(Saved entries)

---*---

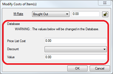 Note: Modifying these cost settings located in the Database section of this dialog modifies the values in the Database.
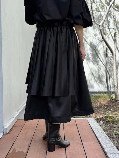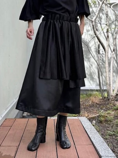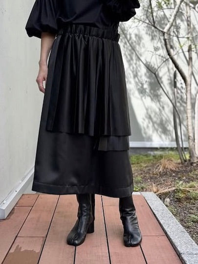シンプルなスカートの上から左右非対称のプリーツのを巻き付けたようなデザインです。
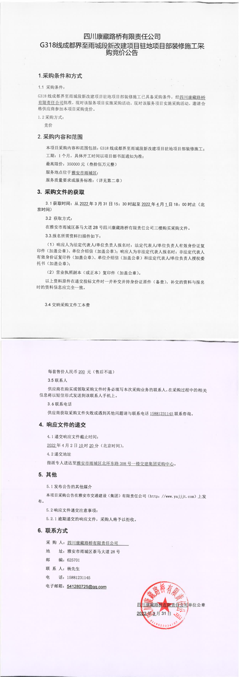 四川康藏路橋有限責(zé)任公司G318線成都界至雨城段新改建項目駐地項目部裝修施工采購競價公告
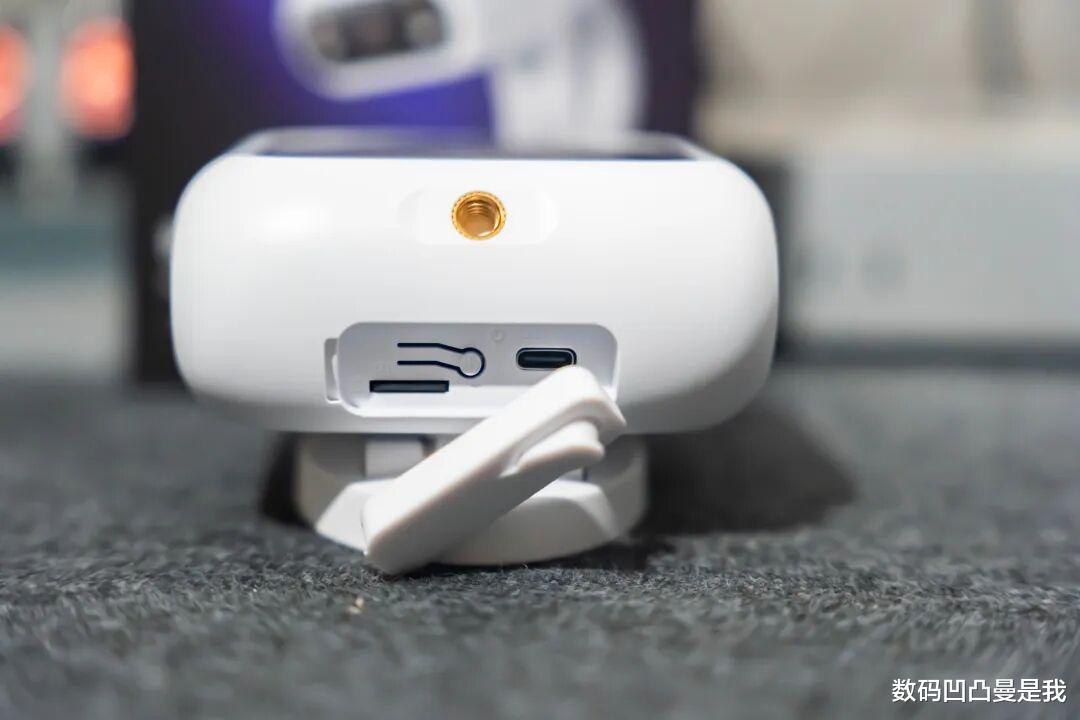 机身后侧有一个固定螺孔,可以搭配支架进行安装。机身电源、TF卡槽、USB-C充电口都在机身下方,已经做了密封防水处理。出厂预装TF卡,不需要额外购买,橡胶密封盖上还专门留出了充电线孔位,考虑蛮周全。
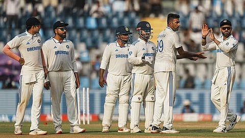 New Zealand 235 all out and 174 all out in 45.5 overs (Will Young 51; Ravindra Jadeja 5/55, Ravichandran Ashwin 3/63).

---*---

▸ What is being asked
Exact copies of all the entries are needed; output them without the pictures.

▸ Answer section
 Note: Modifying these cost settings located in the Database section of this dialog modifies the values in the Database.
シンプルなスカートの上から左右非対称のプリーツのを巻き付けたようなデザインです。
 四川康藏路橋有限責(zé)任公司G318線成都界至雨城段新改建項目駐地項目部裝修施工采購競價公告
 机身后侧有一个固定螺孔,可以搭配支架进行安装。机身电源、TF卡槽、USB-C充电口都在机身下方,已经做了密封防水处理。出厂预装TF卡,不需要额外购买,橡胶密封盖上还专门留出了充电线孔位,考虑蛮周全。
 New Zealand 235 all out and 174 all out in 45.5 overs (Will Young 51; Ravindra Jadeja 5/55, Ravichandran Ashwin 3/63).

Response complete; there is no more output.